Devemos confessar os pecados somente com Deus?

mulher sentada sozinha
A decisão pela confissão é pessoal.

Volta e meia nós católicos ouvimos dos nossos irmãos protestantes (e até outros católicos, diga-se de passagem), que é errado confessar os pecados a um padre, pois ele é um pecador como nós. O que vale mesmo é confessar direto com Deus. Porém, o que é o desejo de Deus? O que Ele nos pediu?

Através da Palavra

A confissão sacramental como conhecemos hoje não nasceu do nada.
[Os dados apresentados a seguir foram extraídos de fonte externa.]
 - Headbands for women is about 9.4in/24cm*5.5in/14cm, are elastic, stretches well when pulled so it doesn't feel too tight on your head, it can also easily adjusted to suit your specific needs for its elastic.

O sacerdote não fica horas a fio ouvindo pecados por puro prazer. Este ministério está implícito em seu serviço ao povo de Deus, justamente porque o próprio Jesus assim o quis.
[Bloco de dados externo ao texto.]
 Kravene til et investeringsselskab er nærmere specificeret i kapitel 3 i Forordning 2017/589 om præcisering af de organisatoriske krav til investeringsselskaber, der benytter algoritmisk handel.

Duvida? Então, vamos fazer um passeio bíblico para entender este mandato de Deus para a sua Igreja.

“Jesus tomou de novo a barca, passou o lago e veio para a sua cidade. Eis que lhe apresentaram um paralítico estendido numa padiola. Jesus, vendo a fé daquela gente, disse ao paralítico: “Meu filho, coragem! Teus pecados te são perdoados”. Ouvindo isto, alguns escribas murmuraram entre si: “Este homem blasfema”. (Mt 9,1-3)

Interessante notar neste trecho é que os escribas e fariseus ficaram escandalizados com Jesus por ter ousado fazer algo que só é atribuído a Deus. Nós sabemos que Ele é o Filho de Deus, mas eles ignoram tal fato; para os judeus Jesus era um homem comum, pecador como qualquer outro.

“Jesus, penetrando-lhes os pensamentos, perguntou-lhes: “Por que pensais mal em vossos corações? Que é mais fácil dizer: Teus pecados te são perdoados, ou: Levanta-te e anda? Ora, para que saibais que o Filho do Homem tem na terra o poder de perdoar os pecados: Levanta-te – disse ele ao paralítico –, toma a tua maca e volta para tua casa”. (Mt 9, 4-6)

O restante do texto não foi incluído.